Pictures must not appear in the copy. Restate exactly the lines below from the one with "В Bresser Travel" through the one with "Hugo Andrade, Coordenador", inclusive.

* _Information provided_

+++

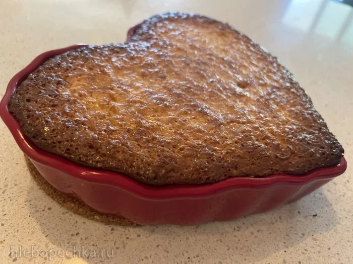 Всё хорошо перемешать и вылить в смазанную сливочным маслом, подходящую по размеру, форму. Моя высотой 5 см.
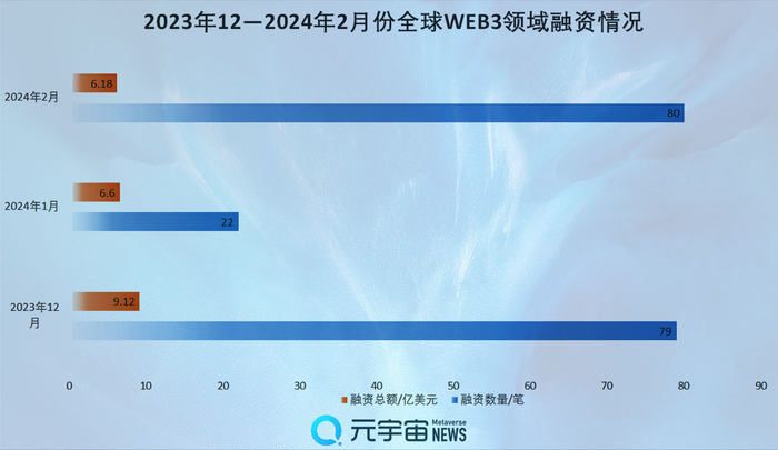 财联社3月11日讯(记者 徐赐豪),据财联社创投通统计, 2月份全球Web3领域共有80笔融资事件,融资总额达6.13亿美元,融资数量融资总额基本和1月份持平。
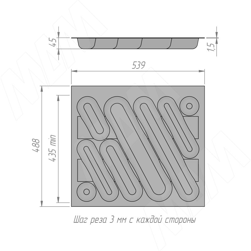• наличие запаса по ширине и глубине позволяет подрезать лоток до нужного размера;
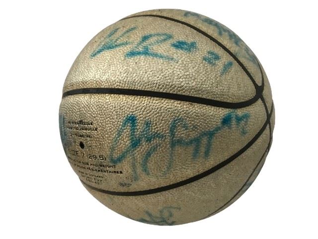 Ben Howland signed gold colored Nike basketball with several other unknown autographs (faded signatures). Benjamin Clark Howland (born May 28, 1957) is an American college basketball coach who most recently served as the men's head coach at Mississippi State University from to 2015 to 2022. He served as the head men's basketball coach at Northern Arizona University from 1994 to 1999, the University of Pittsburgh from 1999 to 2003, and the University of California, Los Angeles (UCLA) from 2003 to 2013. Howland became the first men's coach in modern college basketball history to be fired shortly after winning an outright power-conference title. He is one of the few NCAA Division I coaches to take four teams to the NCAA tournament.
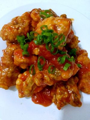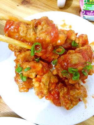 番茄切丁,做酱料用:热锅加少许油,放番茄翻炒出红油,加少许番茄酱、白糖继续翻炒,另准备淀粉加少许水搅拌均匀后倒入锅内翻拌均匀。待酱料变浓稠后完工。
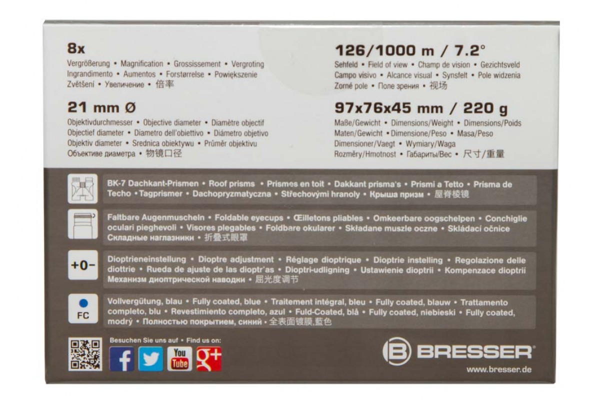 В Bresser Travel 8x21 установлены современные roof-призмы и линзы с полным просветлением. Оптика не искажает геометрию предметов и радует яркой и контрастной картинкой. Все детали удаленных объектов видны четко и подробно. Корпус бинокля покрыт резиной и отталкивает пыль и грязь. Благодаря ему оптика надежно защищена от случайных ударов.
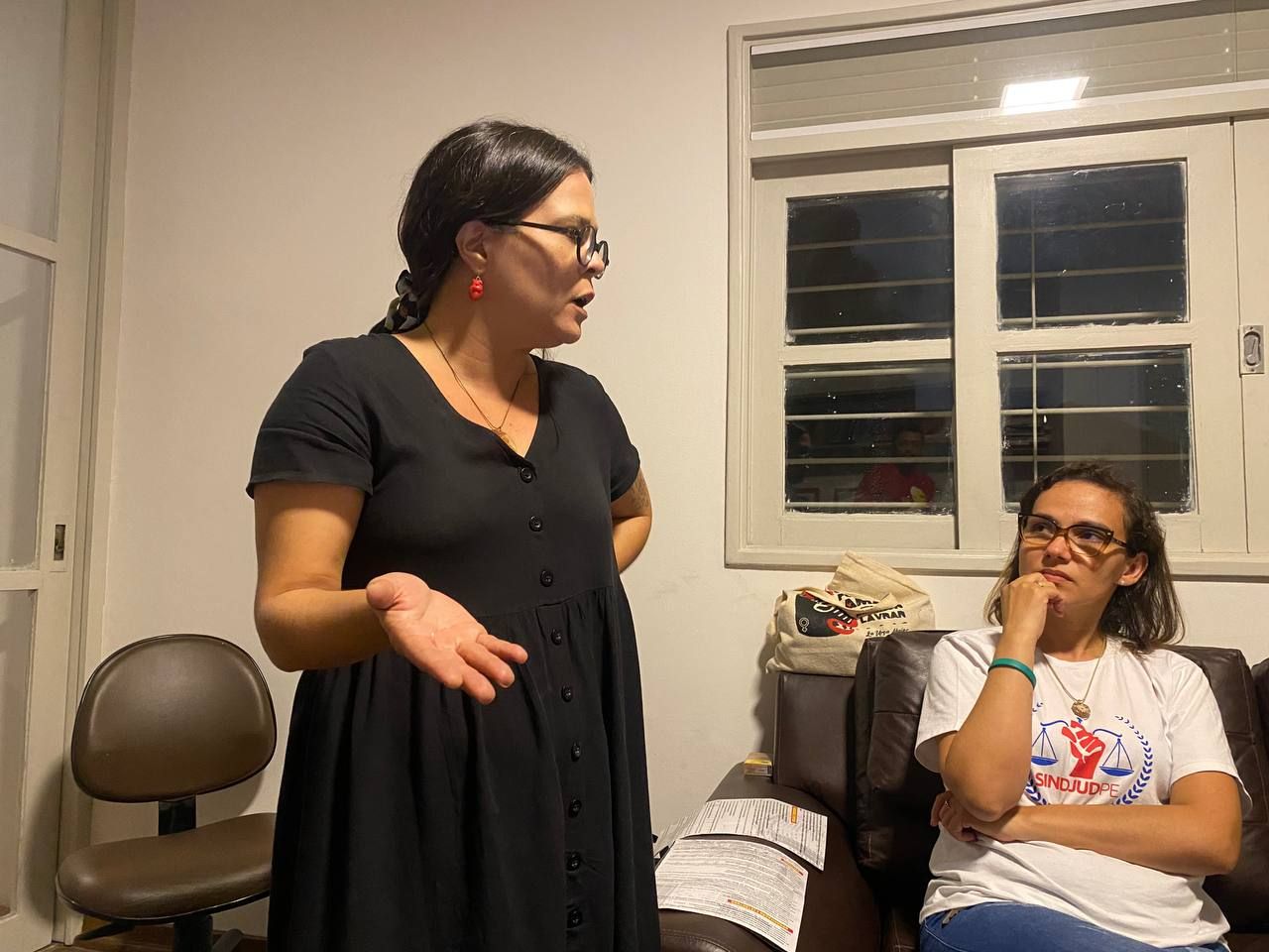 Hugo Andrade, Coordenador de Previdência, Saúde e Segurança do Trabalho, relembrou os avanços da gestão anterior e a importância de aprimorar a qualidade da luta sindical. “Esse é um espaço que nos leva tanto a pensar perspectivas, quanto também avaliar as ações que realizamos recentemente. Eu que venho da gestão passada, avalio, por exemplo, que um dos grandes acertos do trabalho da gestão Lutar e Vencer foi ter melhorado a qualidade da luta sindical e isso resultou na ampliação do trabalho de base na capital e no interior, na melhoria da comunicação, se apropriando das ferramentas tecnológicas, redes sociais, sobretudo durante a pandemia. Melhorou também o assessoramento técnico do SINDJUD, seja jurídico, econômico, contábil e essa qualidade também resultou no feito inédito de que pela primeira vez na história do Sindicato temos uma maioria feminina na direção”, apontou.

+++

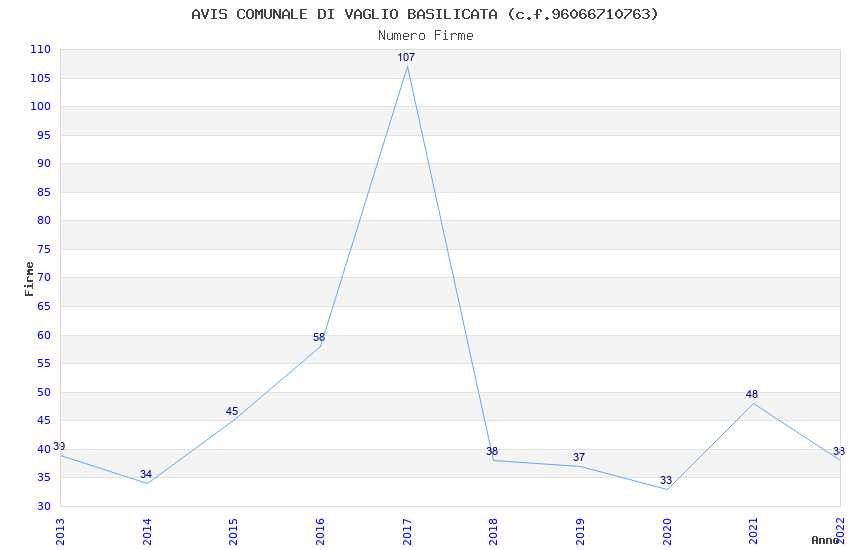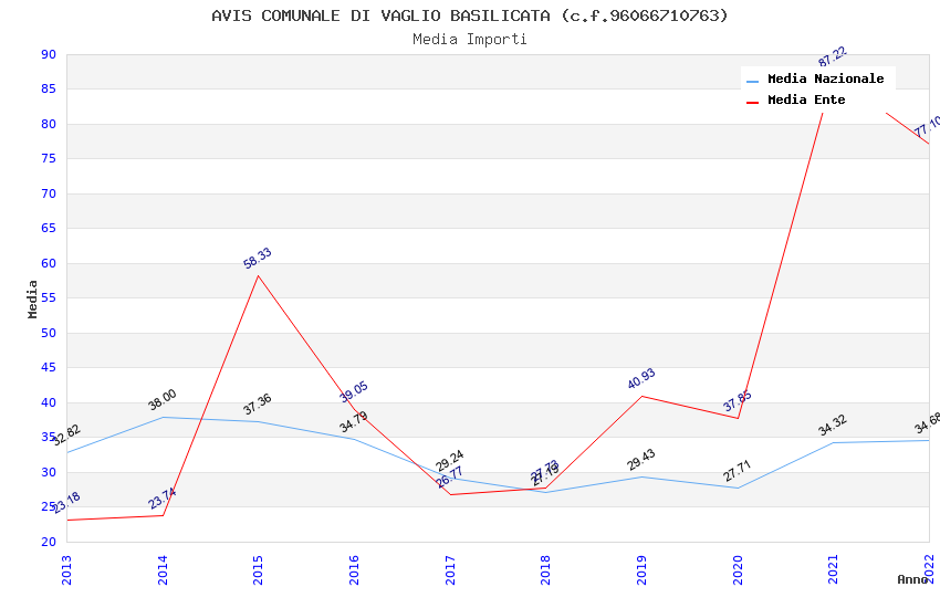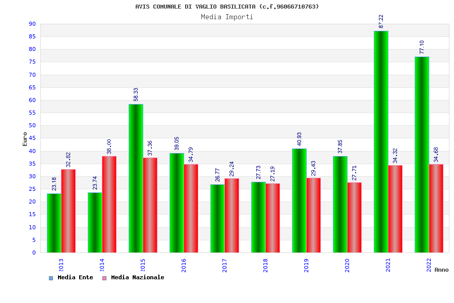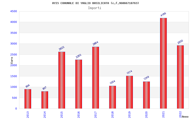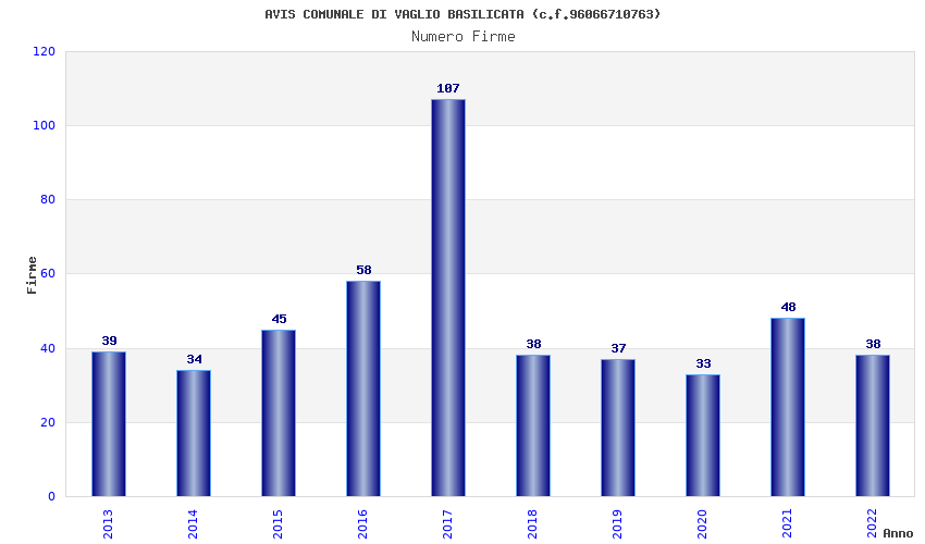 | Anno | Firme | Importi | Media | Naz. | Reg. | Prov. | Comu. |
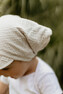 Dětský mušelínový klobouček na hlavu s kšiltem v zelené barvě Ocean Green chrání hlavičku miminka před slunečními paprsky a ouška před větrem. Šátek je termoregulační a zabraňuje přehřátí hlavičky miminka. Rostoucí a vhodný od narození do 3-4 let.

+++

* _Solution to this problem_
 В Bresser Travel 8x21 установлены современные roof-призмы и линзы с полным просветлением. Оптика не искажает геометрию предметов и радует яркой и контрастной картинкой. Все детали удаленных объектов видны четко и подробно. Корпус бинокля покрыт резиной и отталкивает пыль и грязь. Благодаря ему оптика надежно защищена от случайных ударов.
 Hugo Andrade, Coordenador de Previdência, Saúde e Segurança do Trabalho, relembrou os avanços da gestão anterior e a importância de aprimorar a qualidade da luta sindical. “Esse é um espaço que nos leva tanto a pensar perspectivas, quanto também avaliar as ações que realizamos recentemente. Eu que venho da gestão passada, avalio, por exemplo, que um dos grandes acertos do trabalho da gestão Lutar e Vencer foi ter melhorado a qualidade da luta sindical e isso resultou na ampliação do trabalho de base na capital e no interior, na melhoria da comunicação, se apropriando das ferramentas tecnológicas, redes sociais, sobretudo durante a pandemia. Melhorou também o assessoramento técnico do SINDJUD, seja jurídico, econômico, contábil e essa qualidade também resultou no feito inédito de que pela primeira vez na história do Sindicato temos uma maioria feminina na direção”, apontou.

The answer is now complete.